WORK ITEM: Look below for the line containing "Den Backofen auf" and the line containing "This elegant Dries", then set down both and every line between them exactly, without pictures.

SUPPLIED INFORMATION:

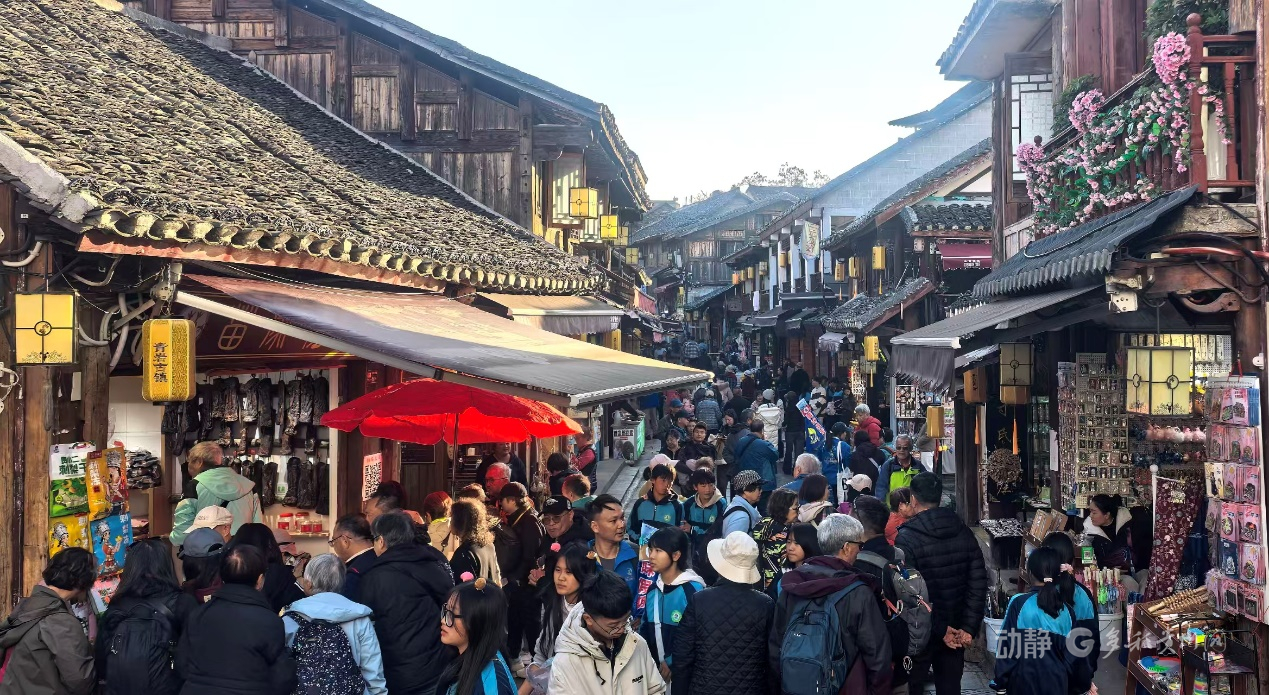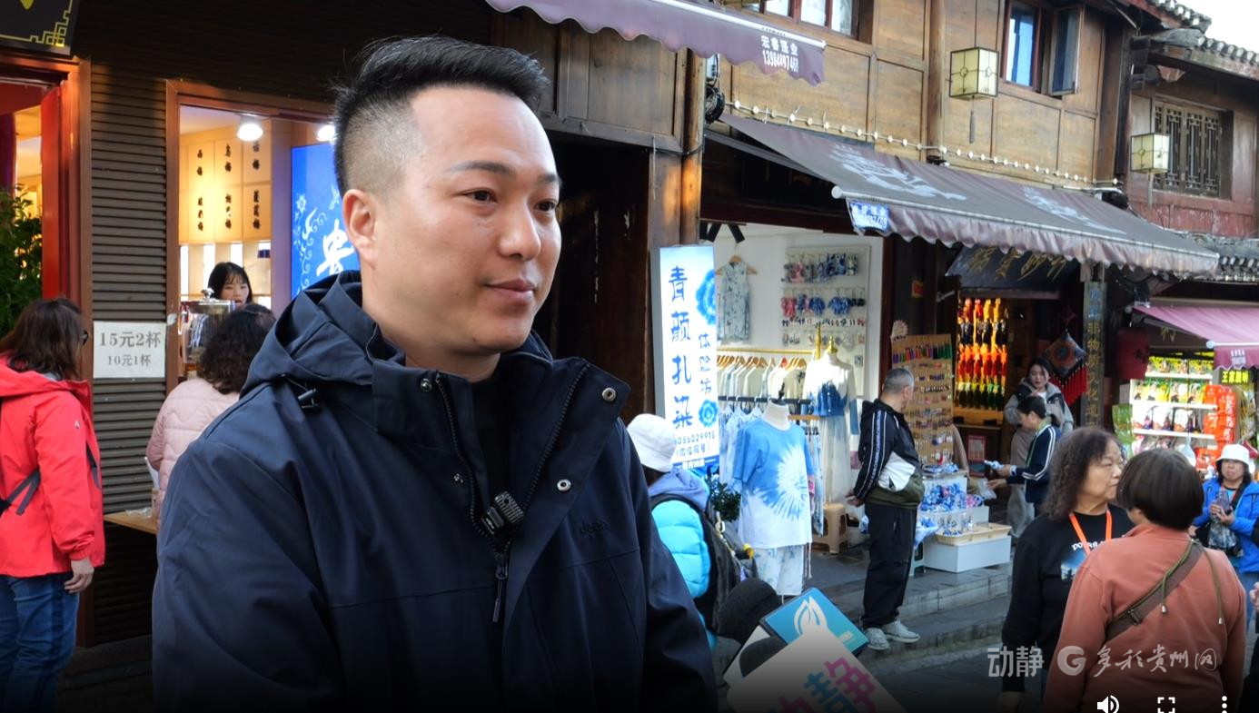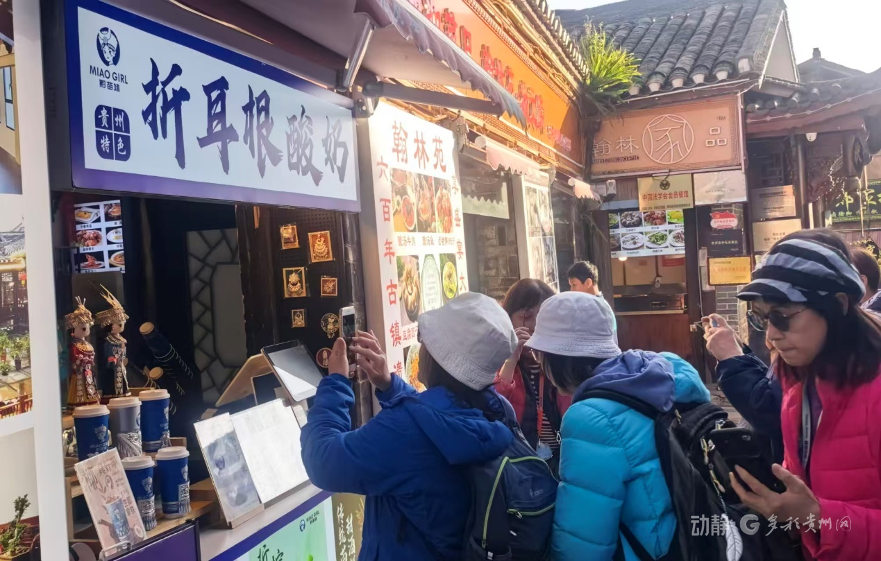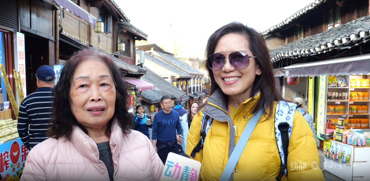 在贵阳青岩古镇,香港游客黎女士和同伴一路逛吃逛吃,直呼小镇好漂亮,非常喜欢。她对花江峡谷大桥心仪已久,早在一个多月前就报名了此次旅行团。
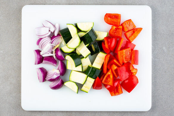Den Backofen auf 200°C (180°C Umluft) vorheizen. Die Paprika vierteln, entkernen und in ca. 3cm große Stücke schneiden. Die Zucchini längs halbieren und ebenfalls in ca. 3cm große Stücke schneiden. Die Zwiebel schälen, halbieren und in dicke Spalten schneiden.
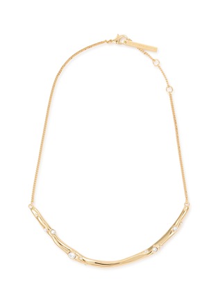 This elegant Dries Van Noten necklace is a masterpiece of understated luxury. Crafted in exquisite gold-tone metal, it features a sleek, curved bar centerpiece adorned with strategically placed crystals that catch the light with every movement. The slim chain enhances the necklace's delicate appeal, making it a versatile addition to both day and evening attire.
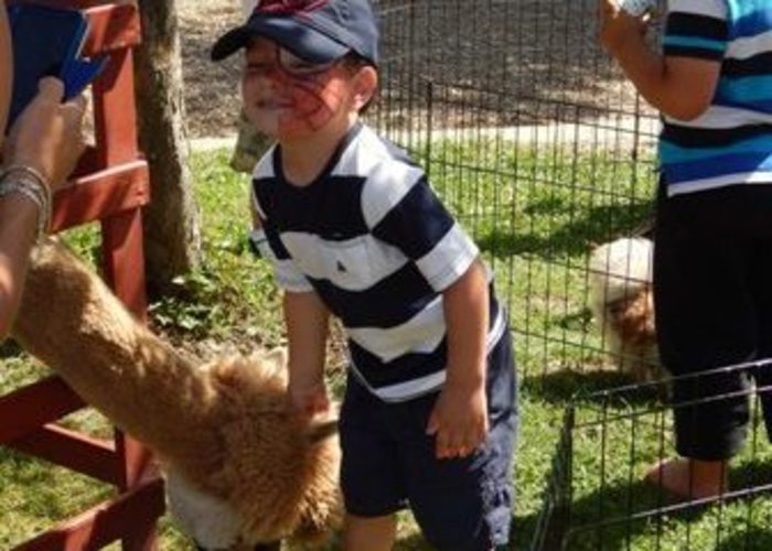 "Spidey" pets the alpaca

RESULT OF THIS EXERCISE:
Den Backofen auf 200°C (180°C Umluft) vorheizen. Die Paprika vierteln, entkernen und in ca. 3cm große Stücke schneiden. Die Zucchini längs halbieren und ebenfalls in ca. 3cm große Stücke schneiden. Die Zwiebel schälen, halbieren und in dicke Spalten schneiden.
 This elegant Dries Van Noten necklace is a masterpiece of understated luxury. Crafted in exquisite gold-tone metal, it features a sleek, curved bar centerpiece adorned with strategically placed crystals that catch the light with every movement. The slim chain enhances the necklace's delicate appeal, making it a versatile addition to both day and evening attire.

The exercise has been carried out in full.